From cf95abbf17316296d52fb35cc26a884b9179bfbf Mon Sep 17 00:00:00 2001
From: =?UTF-8?q?Cl=C3=A9ment=20ARNAUDEAU?=
Date: Fri, 31 Mar 2017 12:35:29 +0200
Subject: [PATCH] =?UTF-8?q?TG-36=20:=20LivretAPI=20->=20cr=C3=A9ation=20de?=
=?UTF-8?q?=20livret=20+=20s=C3=A9curisation?=
MIME-Version: 1.0
Content-Type: text/plain; charset=UTF-8
Content-Transfer-Encoding: 8bit
---
backend/OLA.mysql | 3 ++
backend/app/OLA_DATA.mysql | 18 -------
backend/app/api/GroupAPI.py | 26 +++++----
backend/app/api/LivretAPI.py | 98 ++++++++++++++++++----------------
backend/app/api/UserAPI.py | 24 ++++++---
backend/app/api/UserInfoAPI.py | 4 +-
backend/app/api/mailsModels.py | 19 ++++++-
7 files changed, 104 insertions(+), 88 deletions(-)

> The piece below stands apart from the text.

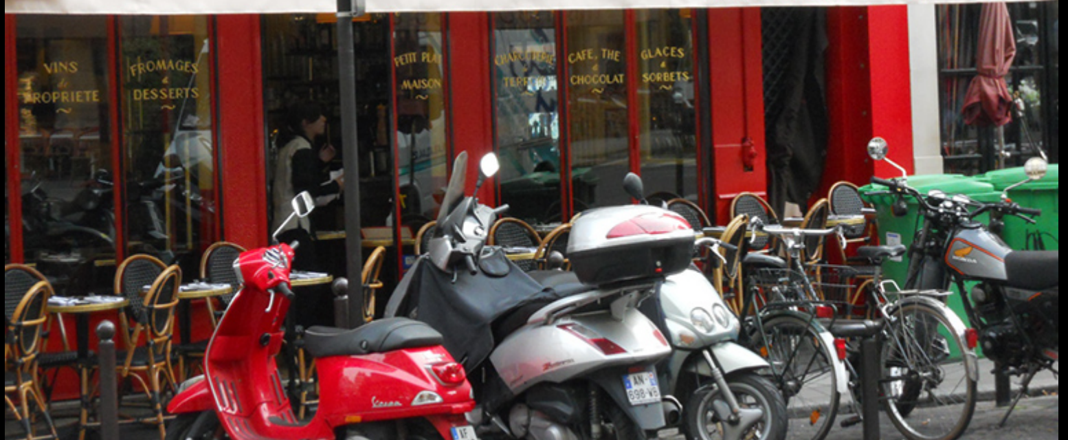
Lunch in Paris

delete mode 100644 backend/app/OLA_DATA.mysql
diff --git a/backend/OLA.mysql b/backend/OLA.mysql
index 79529a8..80d8b2c 100644
--- a/backend/OLA.mysql
+++ b/backend/OLA.mysql
@@ -66,6 +66,7 @@ CREATE TABLE IF NOT EXISTS LIVRET
contract_type INT NOT NULL,
contract_start DATE NOT NULL,
contract_end DATE NOT NULL,
+ description TEXT NOT NULL,
ressources_dir VARCHAR(512),
opened TINYINT(1) NOT NULL,
expire DATE NOT NULL,
@@ -143,3 +144,5 @@ CREATE UNIQUE INDEX user_email
ON `USER` (`email`);
CREATE UNIQUE INDEX user_hash
ON `USER` (`hash`);
+CREATE UNIQUE INDEX tutorship_unique_bygroup
+ ON `TUTORSHIP` (`group_id`, `student_id`);
diff --git a/backend/app/OLA_DATA.mysql b/backend/app/OLA_DATA.mysql
deleted file mode 100644
index 1daf4d5..0000000
--- a/backend/app/OLA_DATA.mysql
+++ /dev/null
@@ -1,18 +0,0 @@
-USE OLA;
-INSERT INTO SETTINGS VALUES ('URL_BASE_DIRECTORY', '/OLA_RESSOURCES/', 'Répertoire base pour le dépot des fichiers');
-INSERT INTO SETTINGS VALUES ('OLA_URL', 'ola.univ-tlse2.fr/', 'URL de l application');
-
-INSERT INTO `USER` VALUES (1, 'sec', '1', 'sec@univ-tlse2.fr', '01.23.45.67.89');
-INSERT INTO `USER` VALUES (2, 'etu1', '4', 'etu1@univ-tlse2.fr', '01.23.45.67.89');
-INSERT INTO `USER` VALUES (3, 'etu2', '4', 'etu2@univ-tlse2.fr', '01.23.45.67.89');
-INSERT INTO `USER` VALUES (4, 'etu3', '4', 'etu3@univ-tlse2.fr', '01.23.45.67.89');
-INSERT INTO `USER` VALUES (5, 'resp', '2-3', 'resp@univ-tlse2.fr', '01.23.45.67.89');
-INSERT INTO `USER` VALUES (6, 'tut', '3', 'tut@univ-tlse2.fr', '01.23.45.67.89');
-
-INSERT INTO `GROUP` VALUES (1, 'M2_ICE_2016-2017_TEST', '2017', 'Master2 ICE', 'Master 2 Informatique Collaborative en Entreprise', 'Sciences du chômage proffessionnel', 5, 1, '/home/dan/PycharmProjects/OLA/backend/app/OLA_RESSOURCES/M2_ICE_2016-2017_TEST');
-INSERT INTO `GROUP` VALUES (2, 'M1_ICE_2016-2017_TEST', '2017', 'Master1 ICE', 'Master 1 Informatique Collaborative en Entreprise', 'Sciences du chômage proffessionnel', 5, 1, '/home/dan/PycharmProjects/OLA/backend/app/OLA_RESSOURCES/M1_ICE_2016-2017_TEST');
-
-INSERT INTO TUTORSHIP VALUES (DEFAULT, 1, 2, 5);
-INSERT INTO TUTORSHIP VALUES (DEFAULT, 2, 4, 5);
-INSERT INTO TUTORSHIP VALUES (DEFAULT, 1, 3, 6);
-
diff --git a/backend/app/api/GroupAPI.py b/backend/app/api/GroupAPI.py
index deaa810..781b566 100644
--- a/backend/app/api/GroupAPI.py
+++ b/backend/app/api/GroupAPI.py
@@ -12,6 +12,7 @@ class GroupAPI(Resource):
"""
Group Api Resource
"""
+
@login_required(roles=[Roles.resp_formation])
def post(self):
args = request.get_json(cache=False, force=True)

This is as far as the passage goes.